TASK ITEM: Look below for the line with "1. Γκρι μπλουζάκι, τζιν και παλτό"; begin the copy there and stop after the line with "伴隨著耀目的燈光秀以及10位", keeping the text exact and the pictures out.

DATASET RECORDS:
_ _ _ _ _

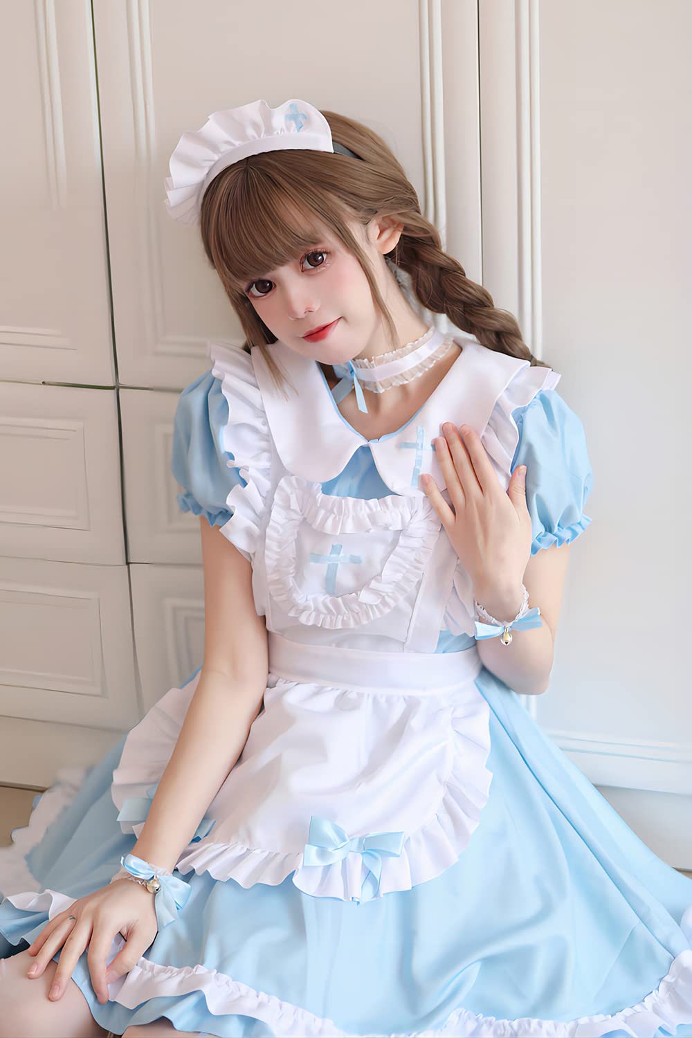 【8点セット】:カチューシャ/ワンピース/エプロン/ブレスレット*2/脚ループ*2/ニーハイソックス。
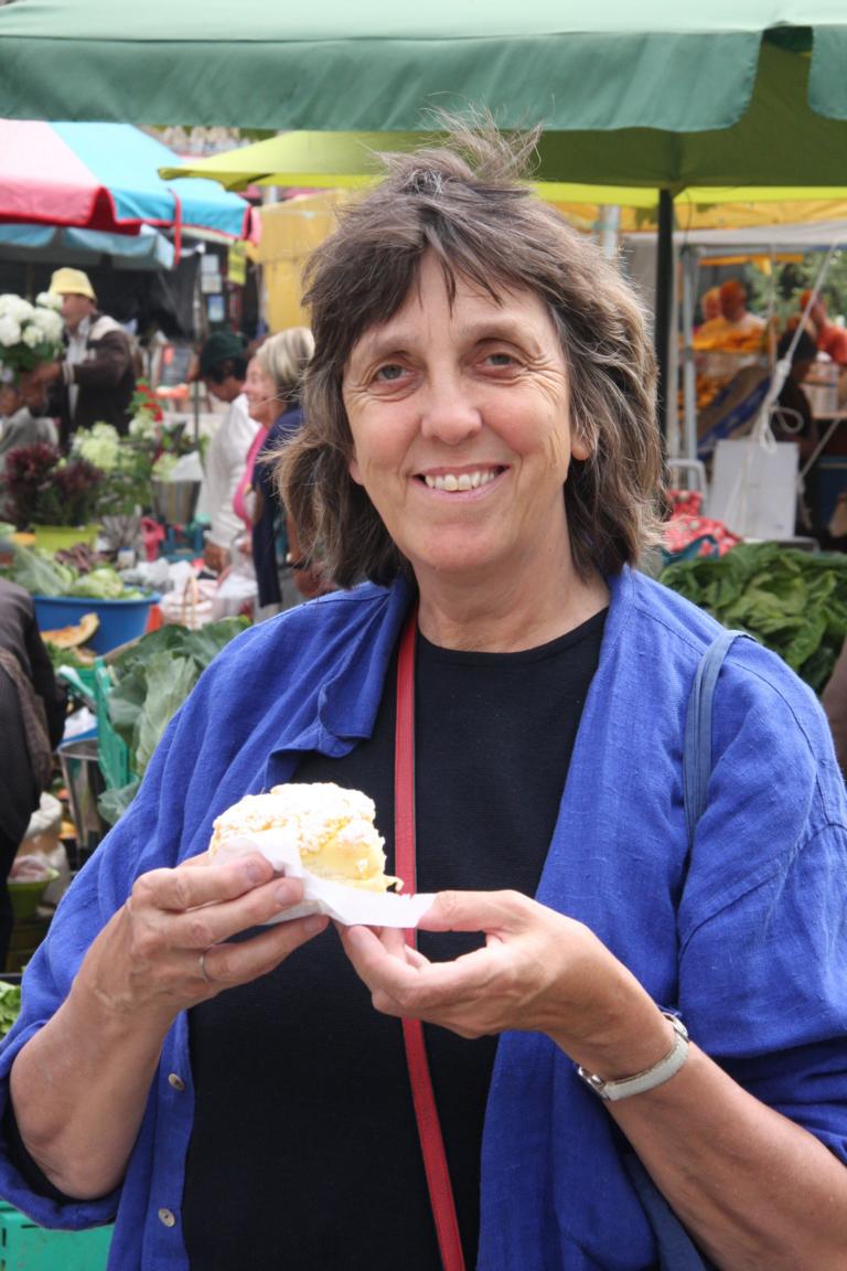 Die Backwaren sehen sooooo lecker aus - ich kann nicht widerstehen und kaufe ein großes Hefeküchenteil.... Beim Hereinbeißen bedarf es einen echten Mundaufreißer.... und es liegt kräftig im Magen, eben echter frischer Hefekuchen. Ich denke mir, dass ich die zweite Hälfte im Hotel essen... beim Versuch, das Teil irgendwie in meine Tasche zu packen, rutscht mir diese über die Schulter und fällt auf den Boden: MIST! Da war ein Glas Rosmarinhonig für meine Schwiegermutter drin - der es nicht überlebt hat - und eine Sardine aus Porzelan (bei der der Schwanz beim Sturz abgebrochen ist, von Jan zuhause wieder angeklebt wurde, der Honig wurde neu gekauft) - ein Schweinkram sonder gleichen
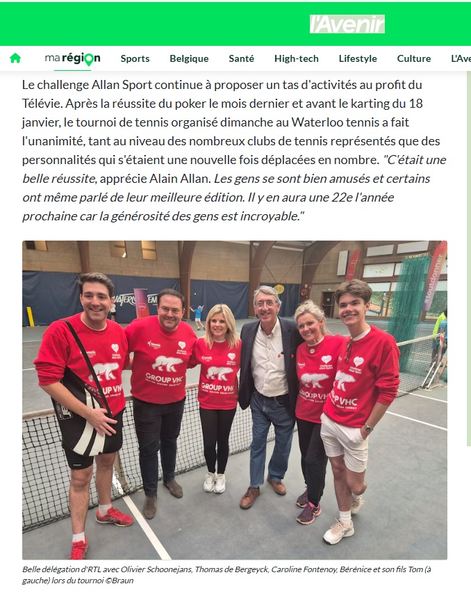 14 / Challenge Allan Sport: des personnalités au grand coeur à Waterloo. L"Avenir 20/11/2025 2ème partie
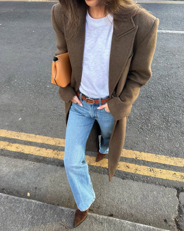 1. Γκρι μπλουζάκι, τζιν και παλτό
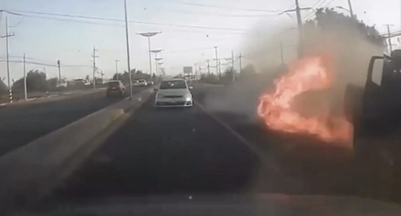 Tras la explosión, la unidad perdió el control, se saltó a los carriles contrarios y finalmente se estrelló en el otro extremo de la carretera. El momento de la explosión fue captado por la cámara de un vehículo que circulaba por la misma vía y el material fue difundido en redes sociales.
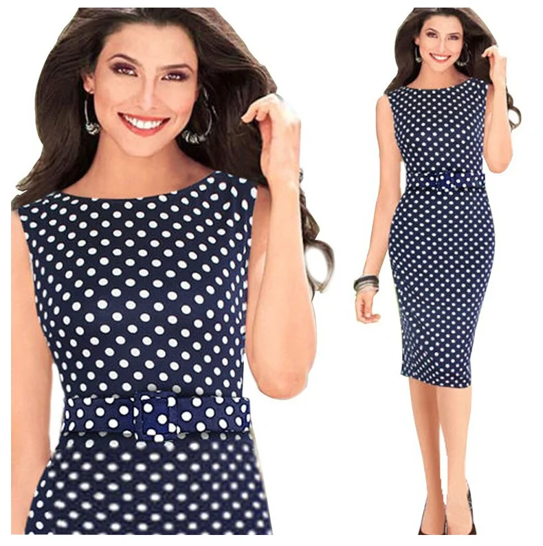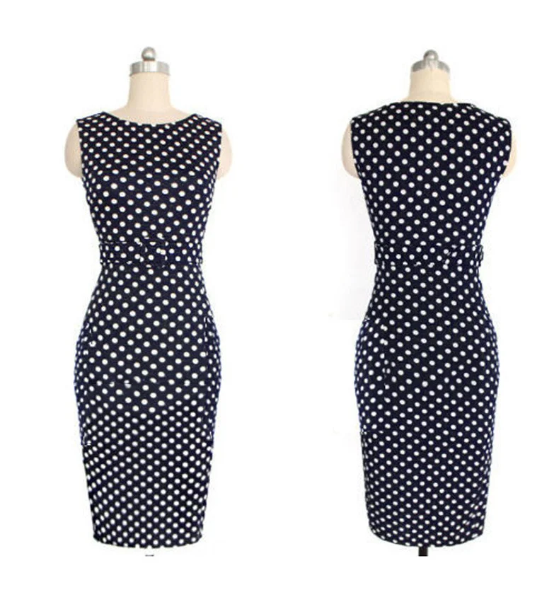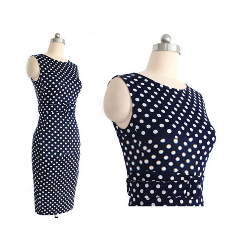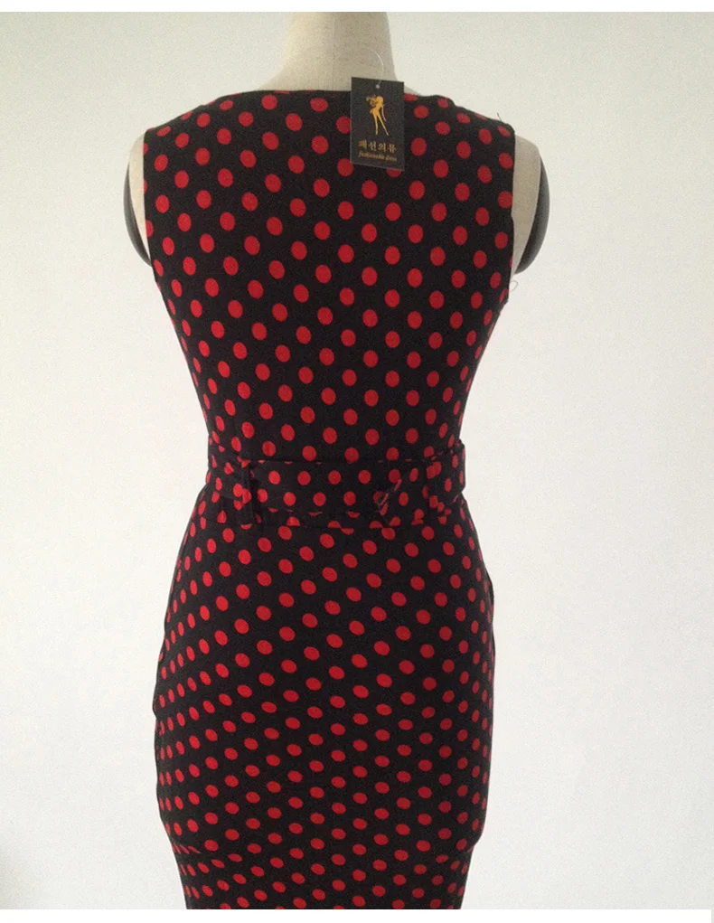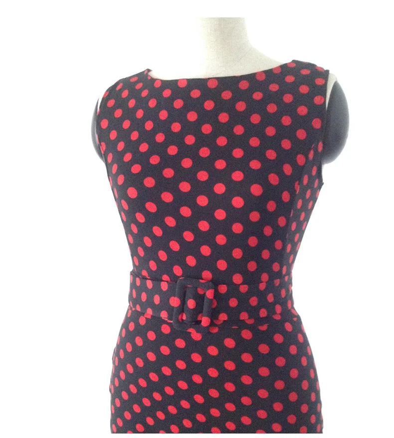 Manufacturer direct sale office lady officially dress slim fit dots printed sleeveless belted midi dress
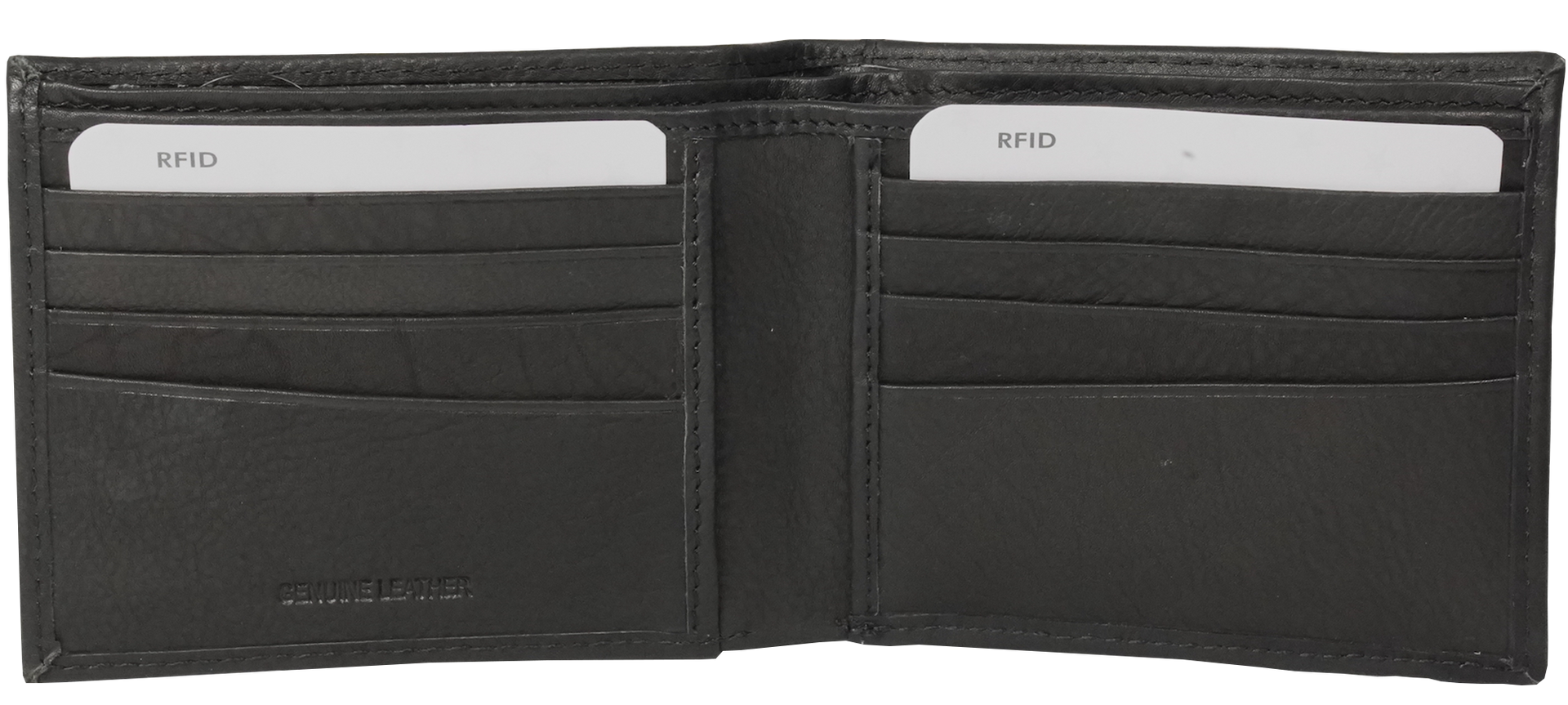 Our US Air Force tri-fold wallet is made of genuine leather and is embossed with the Air Force Logo. It has a clear identification window on the inside flap. The inside includes eight storage pockets for cards and the bill compartment is spacious.
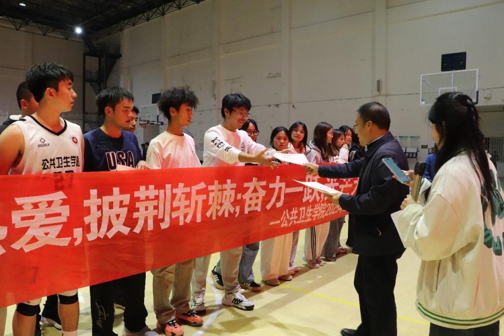 10月23日18:00,公共卫生学院2025年“迎新杯”篮球赛闭幕式在北区体育馆圆满落幕。学院党委副书记王红卫、学院团委副书记张微,学院辅导员人李升萍、何娟,25级兼职班主任王漫、罗意参加活动。闭幕式由学生会体育部罗丽主持。
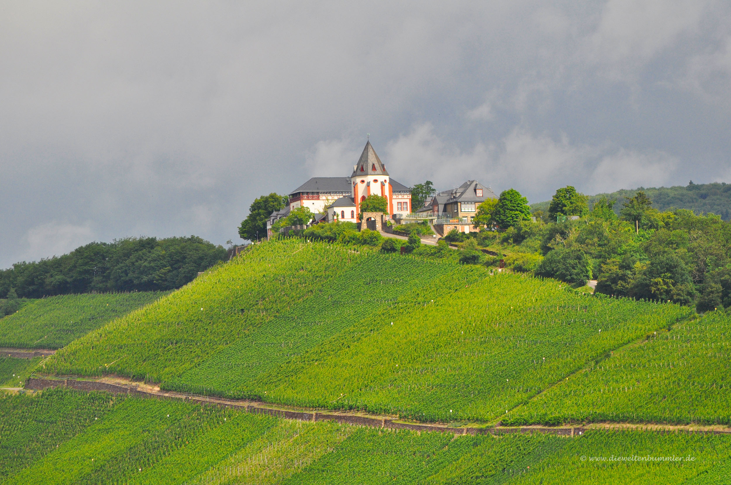Entlang dem Moselufer wandern wir flussaufwärts, nur vereinzelte Radfahrer überholen uns auf der ruhigen Strecke. Wir passieren die Anlegestelle der Fähre nach Briedel (GPS: 50.023571, 7.152805), welche nur Dienstags, Donnerstags und am Samstag zwischen 8 und 12 Uhr und zwischen 13 und 17.30 Uhr verkehrt. Statt der Fähre schauen wir den Gänsen zu, die mit einem lauten Schnattern knapp über dem Wasser der Mosel ihre Flügel schwingen und wandern auf dem gepflasterten Weg bis wir wenig später wieder durch die Weinberge laufen. Sanft steigt unser Weg an, Sitzbänke laden uns zu einer kleinen Pause ein und die vor uns liegende Marienburg nähert sich mit jedem Schritt. Wir beobachten erneut das farbenfrohe Gefieder der Stieglitze und erreichen nach kurzer Zeit die bereits bekannte Gabelung, an der wir weiter bergauf unseren Parkplatz passieren und noch ein kleines Stück bis zur Marienburg (GPS: 50.043629, 7.13652) wandern.
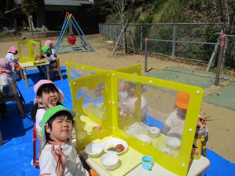 大きいクラスの子はお花見をしながら給食を食べました。外で食べる給食はとても美味しかったようで、おかわりもたっぷりして大満足、「気持ちよかったね~」「また、みんなで食べたいね」と友だちと会話を交わし、楽しいお花見になったようでした。
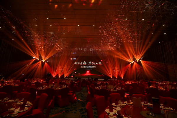 伴隨著耀目的燈光秀以及10位領(lǐng)導(dǎo)的推桿儀式,2018年泰豐年度盛典正式啟動?!苞棑糸L空,翱翔于天地,奮起于懸崖云土之間。厚積薄發(fā),承載夢想,無畏前方險阻,直面未來...”會場話畫外音剛落,一只雄鷹從大屏中沖出,展翅環(huán)繞會場一周為此次盛典拉開了華麗的序幕。
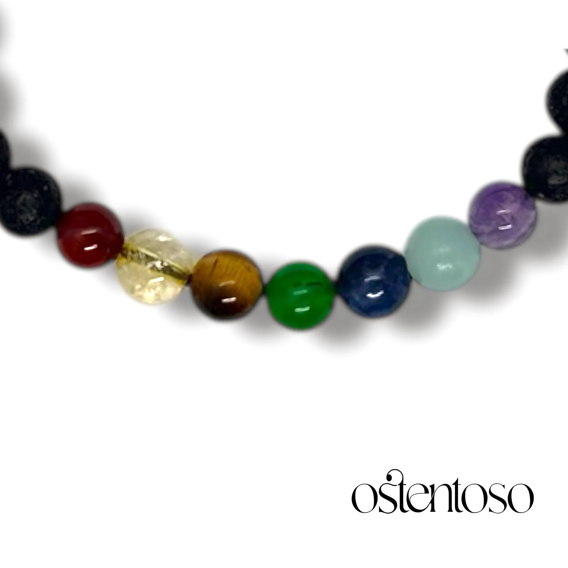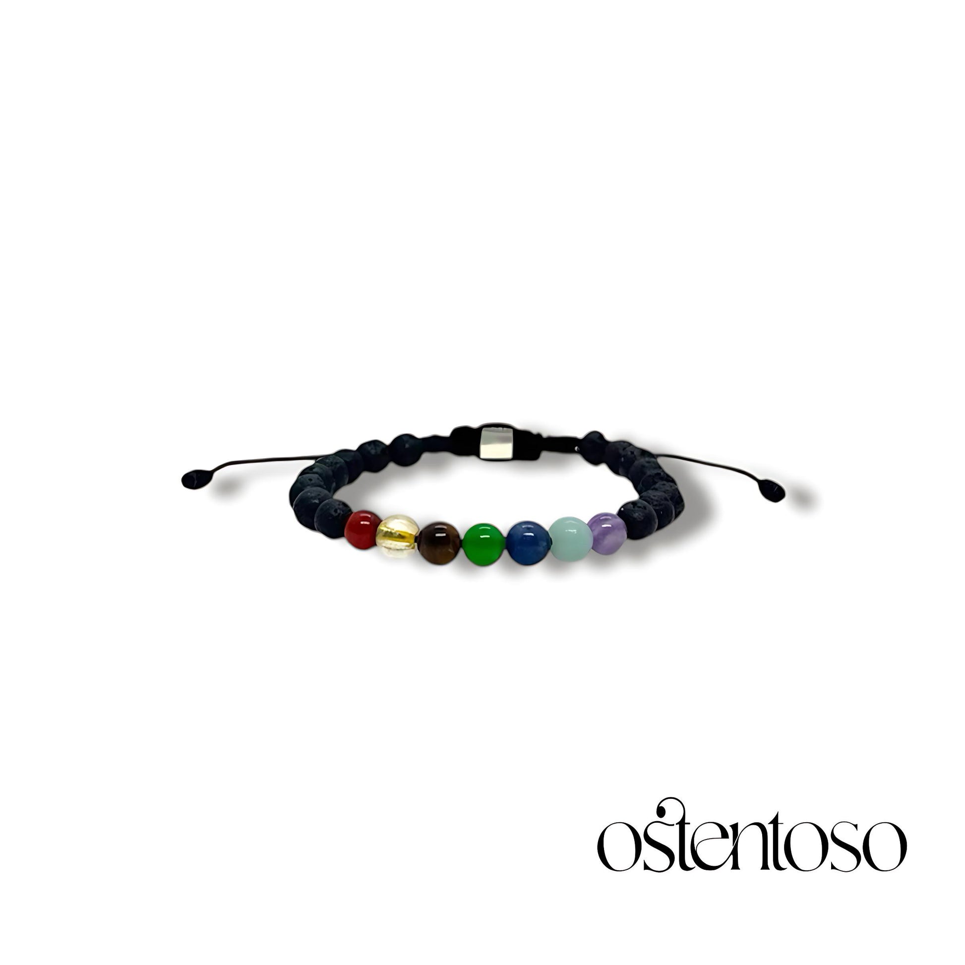 Ce modèle de bracelet à sept chakras est composé de roche volcanique et au centre du bracelet l'ordre exact et les pierres précieuses qui mettent en valeur ce rituel :
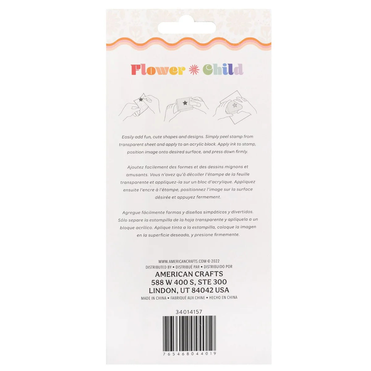 Order the American Crafts' Flower Child Stamps from the CraftDirect.com store online. Re-usable stamps should be properly cared for so that you can use them for years and years. Clean after use, and press with a mount for best results. Step into a world of fun and color with Flower Child Collection by Jen Hadfield, where you'll find yourself in a floral sundress and a groovy vibe. This stamp set offers a versatile range of designs, including a roller skate, flowers, the words I (heart) you, and Good Vibes. Designed to stick to acrylic blocks, these can be used with various crafting materials, such as inks, markers, and embossing powders, which are not included and must be purchased separately.
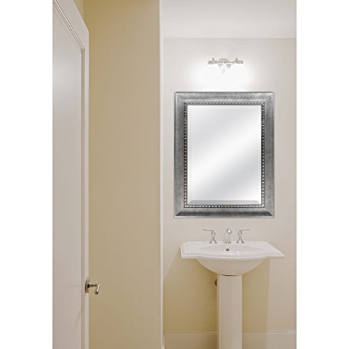 The 3 inch wide frame has a brushed antique silver finish with silver dentil molded inner edge
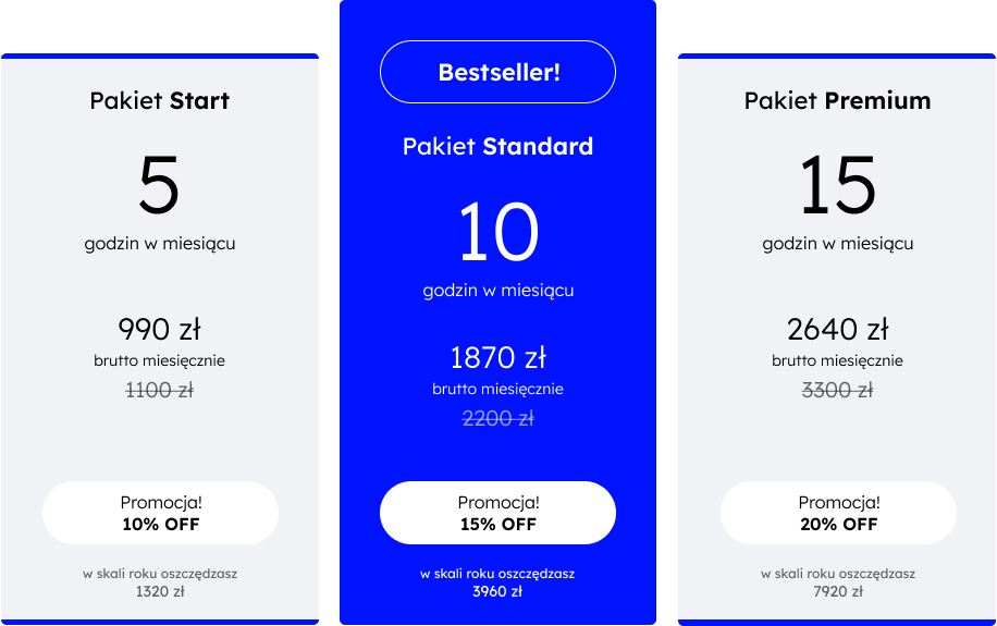 Zredukuj zbędne koszta utrzymania dodatkowych pracowników. Inwestycja, która się opłaca - płacisz tylko za nasz czas pracy, a nie za przerwy i urlopy!
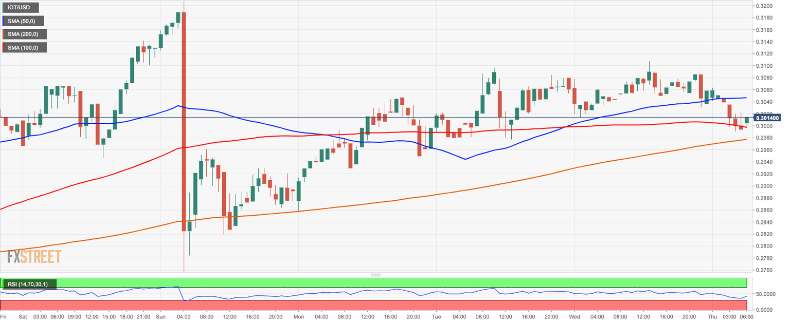 IOTA is the 24th largest digital asset with the current market value of $842 million. The coin has stayed mostly unchanged since the beginning of Thursday and lost 1.4% in the recent 24 hours. At the time of writing, IOT/USD is changing hands at marginally above $0.3014. The coin has been range-bound with bullish bias after a collapse to $0.2963.

_ _ _ _ _

EXERCISE RESULT:
 1. Γκρι μπλουζάκι, τζιν και παλτό
 Tras la explosión, la unidad perdió el control, se saltó a los carriles contrarios y finalmente se estrelló en el otro extremo de la carretera. El momento de la explosión fue captado por la cámara de un vehículo que circulaba por la misma vía y el material fue difundido en redes sociales.
 Manufacturer direct sale office lady officially dress slim fit dots printed sleeveless belted midi dress
 Our US Air Force tri-fold wallet is made of genuine leather and is embossed with the Air Force Logo. It has a clear identification window on the inside flap. The inside includes eight storage pockets for cards and the bill compartment is spacious.
 10月23日18:00,公共卫生学院2025年“迎新杯”篮球赛闭幕式在北区体育馆圆满落幕。学院党委副书记王红卫、学院团委副书记张微,学院辅导员人李升萍、何娟,25级兼职班主任王漫、罗意参加活动。闭幕式由学生会体育部罗丽主持。
Entlang dem Moselufer wandern wir flussaufwärts, nur vereinzelte Radfahrer überholen uns auf der ruhigen Strecke. Wir passieren die Anlegestelle der Fähre nach Briedel (GPS: 50.023571, 7.152805), welche nur Dienstags, Donnerstags und am Samstag zwischen 8 und 12 Uhr und zwischen 13 und 17.30 Uhr verkehrt. Statt der Fähre schauen wir den Gänsen zu, die mit einem lauten Schnattern knapp über dem Wasser der Mosel ihre Flügel schwingen und wandern auf dem gepflasterten Weg bis wir wenig später wieder durch die Weinberge laufen. Sanft steigt unser Weg an, Sitzbänke laden uns zu einer kleinen Pause ein und die vor uns liegende Marienburg nähert sich mit jedem Schritt. Wir beobachten erneut das farbenfrohe Gefieder der Stieglitze und erreichen nach kurzer Zeit die bereits bekannte Gabelung, an der wir weiter bergauf unseren Parkplatz passieren und noch ein kleines Stück bis zur Marienburg (GPS: 50.043629, 7.13652) wandern.
 大きいクラスの子はお花見をしながら給食を食べました。外で食べる給食はとても美味しかったようで、おかわりもたっぷりして大満足、「気持ちよかったね~」「また、みんなで食べたいね」と友だちと会話を交わし、楽しいお花見になったようでした。
 伴隨著耀目的燈光秀以及10位領(lǐng)導(dǎo)的推桿儀式,2018年泰豐年度盛典正式啟動?!苞棑糸L空,翱翔于天地,奮起于懸崖云土之間。厚積薄發(fā),承載夢想,無畏前方險阻,直面未來...”會場話畫外音剛落,一只雄鷹從大屏中沖出,展翅環(huán)繞會場一周為此次盛典拉開了華麗的序幕。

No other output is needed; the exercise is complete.